- [Task statement] The response should reproduce exactly the lines from the top of the listing below through the one that contains "第8步,我们确认后就会退回校", and nothing else; pictures do not belong in it.

- [Data]
- - - - -
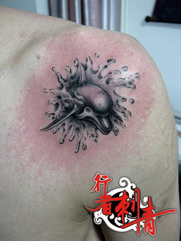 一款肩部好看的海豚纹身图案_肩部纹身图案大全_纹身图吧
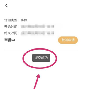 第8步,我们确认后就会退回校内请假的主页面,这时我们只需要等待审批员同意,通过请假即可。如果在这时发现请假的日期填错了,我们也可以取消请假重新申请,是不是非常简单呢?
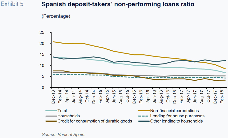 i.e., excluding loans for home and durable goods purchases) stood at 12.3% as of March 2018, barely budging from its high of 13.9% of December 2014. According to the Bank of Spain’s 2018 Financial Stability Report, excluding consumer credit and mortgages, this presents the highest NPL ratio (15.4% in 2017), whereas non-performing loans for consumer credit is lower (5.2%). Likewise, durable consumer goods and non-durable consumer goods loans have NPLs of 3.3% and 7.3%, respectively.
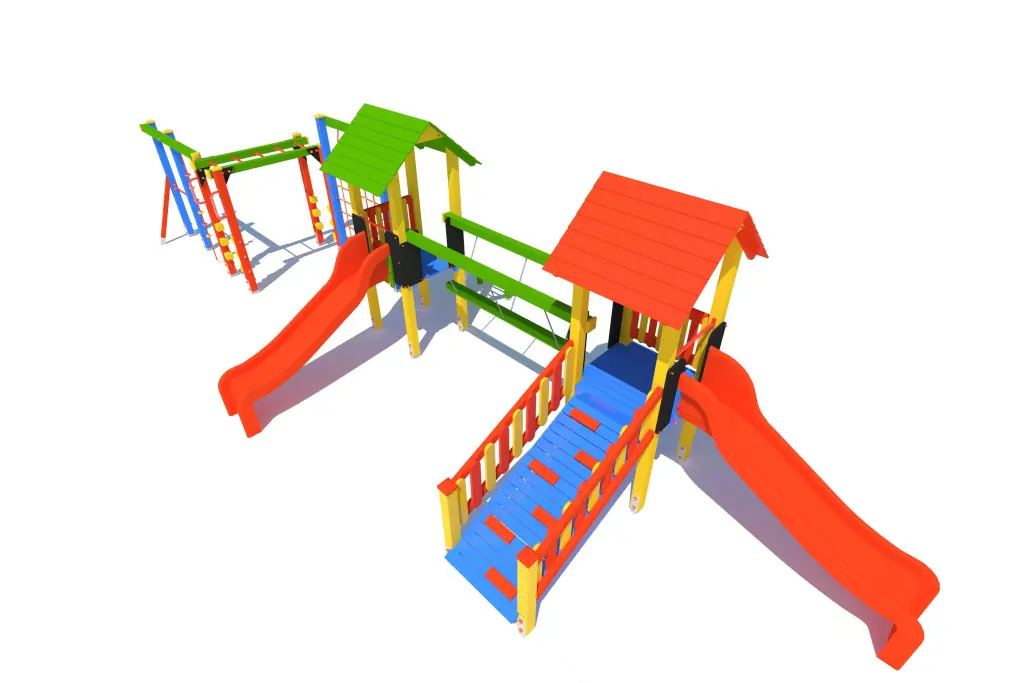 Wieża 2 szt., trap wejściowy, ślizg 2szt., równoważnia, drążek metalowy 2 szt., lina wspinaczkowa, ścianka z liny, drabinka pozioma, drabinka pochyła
- - - - -
- [Task answer]
 一款肩部好看的海豚纹身图案_肩部纹身图案大全_纹身图吧
 第8步,我们确认后就会退回校内请假的主页面,这时我们只需要等待审批员同意,通过请假即可。如果在这时发现请假的日期填错了,我们也可以取消请假重新申请,是不是非常简单呢?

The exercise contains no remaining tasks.